In most Ph.D. programs, graduate students gain teaching experience in the college classroom—running lab demonstrations, grading assignments, and holding office hours. At the Watson School of Biological Sciences, graduate students instead teach middle and high schoolers, ranging in age from 11 to 14, at the Cold Spring Harbor Dolan DNA Learning Center (DNALC)—a dizzying hub of molecular biology education. Most school days, the DNALC teems with Long Island students sprinting past a plastic replica of Ötzi the Iceman, Europe’s oldest known natural mummy, whose shrunken body stands in a glass case in the middle of the lobby. During my first visit to the DNALC, I sat in a room where DNA sequence wrapped around the walls like sacred text, thinking to myself: how lucky am I to teach in a place like this?
All first-year Ph.D. students in the Watson School teach two courses at the DNALC: first, DNA isolation, and second, restriction enzyme digestion, or cutting up DNA with enzymes. Graduate students also have the option to teach other labs from the vast DNALC catalog, which includes classes in engineering bacteria to glow green and sequencing mitochondrial DNA. Each course begins with a brief lecture on the motivation behind the experiment. For instance, why do we care about cutting DNA? A number of excited hands shoot up during this time, as the students experience the thrill of bringing their textbook knowledge to the bench. The class then transitions into a demonstration of the method: how to transfer small liquid volumes with a pipette, make an agarose gel, or use an electric current to separate bits of chopped-up DNA. By the end of each class, students learn a fundamental molecular biology technique that researchers at Cold Spring Harbor Laboratory perform on a regular basis. But even more important, they learn how scientific research happens—as a group of people trying, just as they did in class, to answer questions about the natural world.
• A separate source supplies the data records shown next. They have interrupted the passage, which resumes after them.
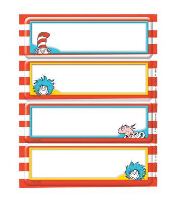 Dr Seuss Name Labels Teaching Resources | Teachers Pay Teachers Desk Name Tags - Dr. Seuss Theme by Renee Cassel 4.8 (160) $2.00 PDF These desk name plates are great for the primary age classroom. They include letters, numbers 0-20, shapes, color words and left/right hands. The background will fit great with any Dr. Seuss decor. It will print 2 per page making each name tag 4.25' x 11'.
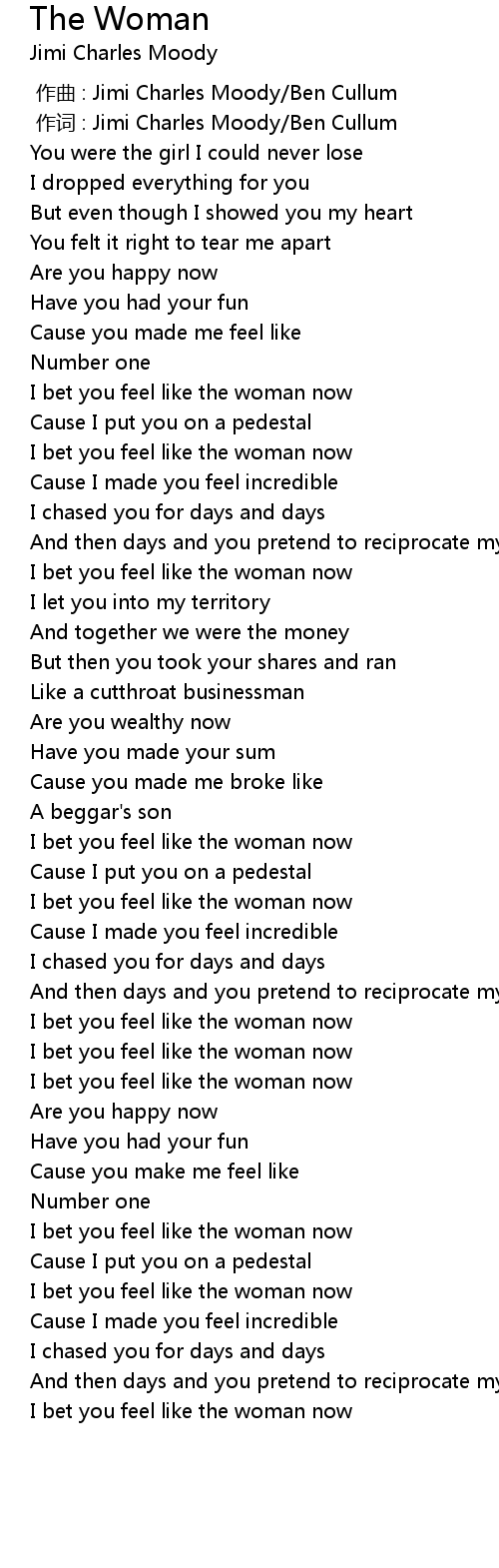 | [00:01.00] | zuò cí : Jimi Charles Moody Ben Cullum |
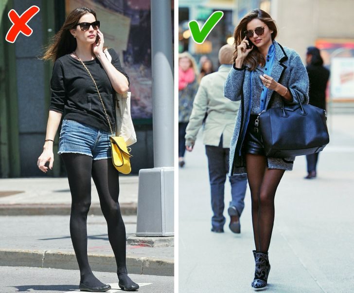 Избегать следует бежевых колготок с блеском или не подходящих по оттенку к коже. С черными же колготками можно запросто создать вульгарный образ, надев их, к примеру, со светлой или цветной обувью.

Teaching at the DNALC was a learning experience for me, as well—one not often found in graduate school programs. It was a lesson in eye-opening, in stepping away from the immense intricacies of biology, and communicating broad ideas that stir the human spirit, regardless of the audience’s educational background. After weeks spent showing a portrait of molecular biology to middle and high school students, I drove back to the laboratory along the banks of the inner harbor, determined to apply this lesson to my own research.